SOURCE DATA
________________
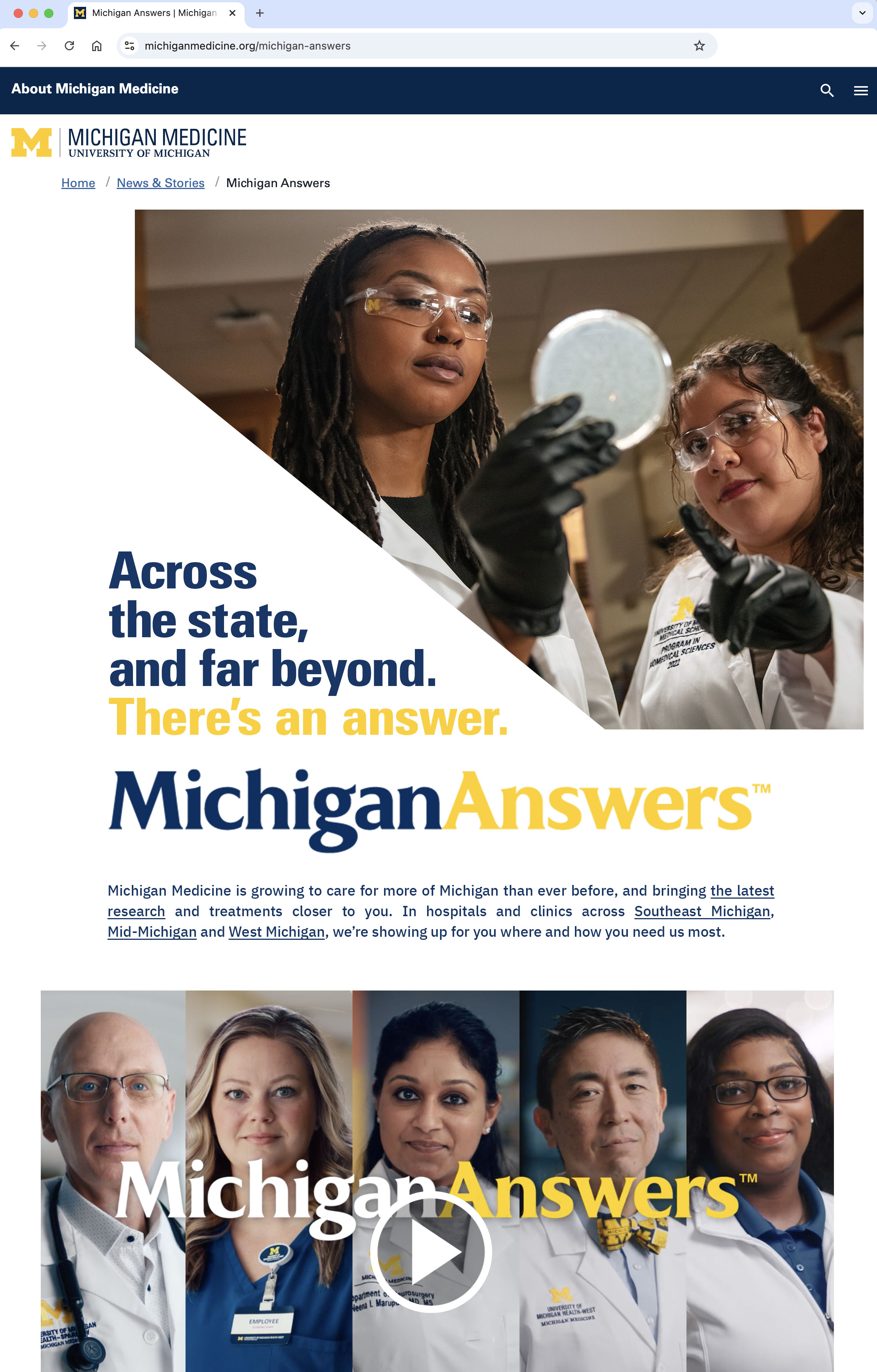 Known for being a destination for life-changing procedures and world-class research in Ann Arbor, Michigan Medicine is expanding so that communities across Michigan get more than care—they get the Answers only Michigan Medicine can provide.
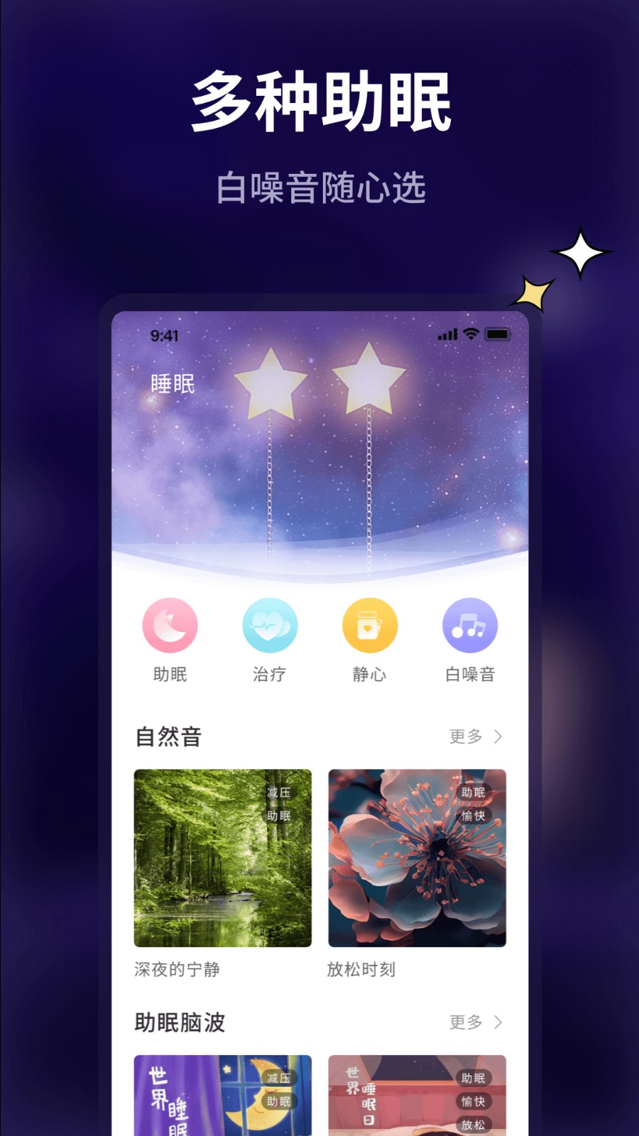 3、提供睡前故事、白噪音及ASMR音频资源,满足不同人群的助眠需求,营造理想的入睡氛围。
________________
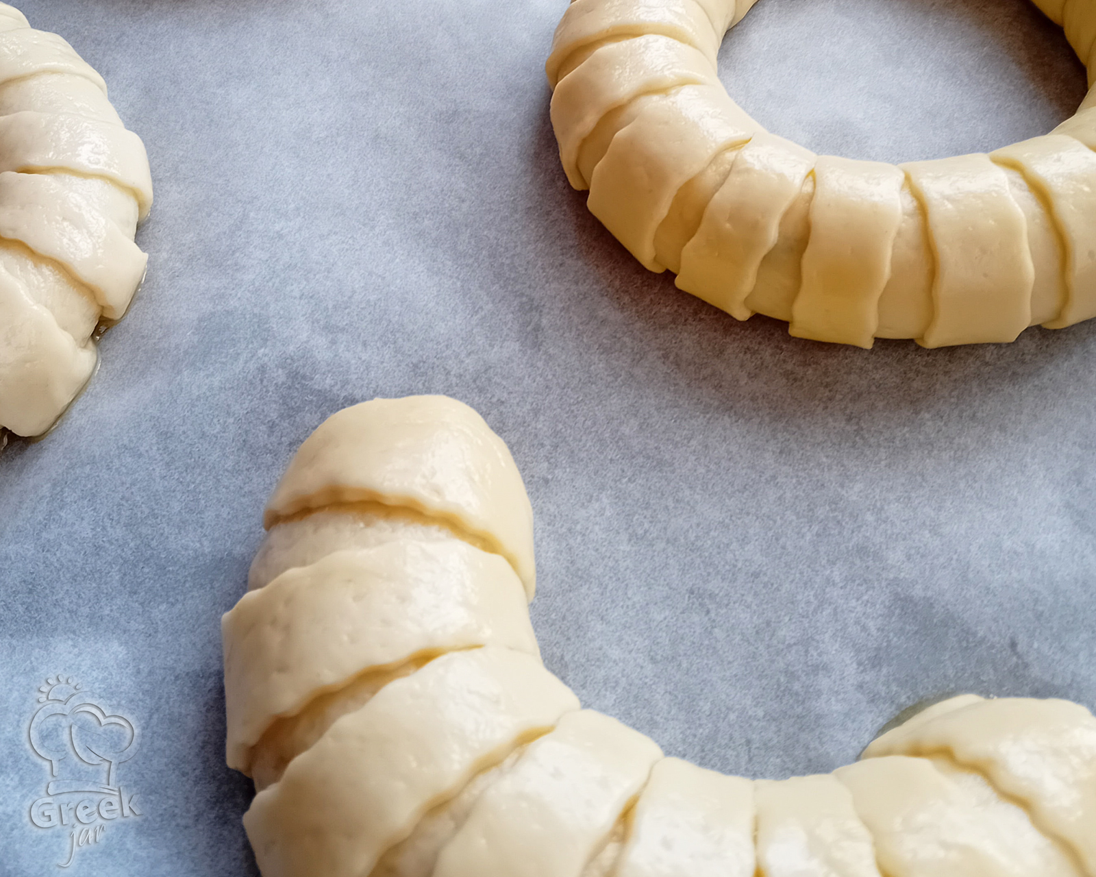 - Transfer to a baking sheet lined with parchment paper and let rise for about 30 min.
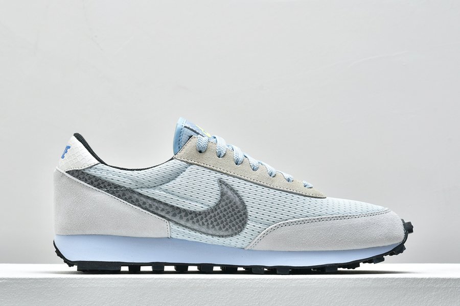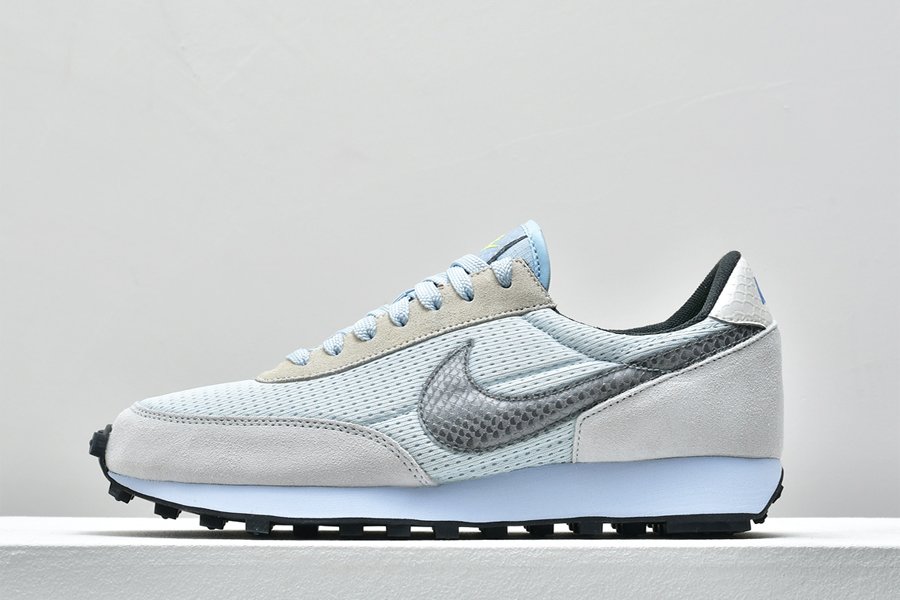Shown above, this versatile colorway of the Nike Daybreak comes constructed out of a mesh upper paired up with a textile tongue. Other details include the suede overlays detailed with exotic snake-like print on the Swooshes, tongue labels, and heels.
________________
TASK REQUIREMENTS
Go to the line above that contains "Known for being" and reproduce everything exactly from there through the line that contains "3、提供睡前故事、白噪音及A", leaving out the pictures.

WORKED SOLUTION
 Known for being a destination for life-changing procedures and world-class research in Ann Arbor, Michigan Medicine is expanding so that communities across Michigan get more than care—they get the Answers only Michigan Medicine can provide.
 3、提供睡前故事、白噪音及ASMR音频资源,满足不同人群的助眠需求,营造理想的入睡氛围。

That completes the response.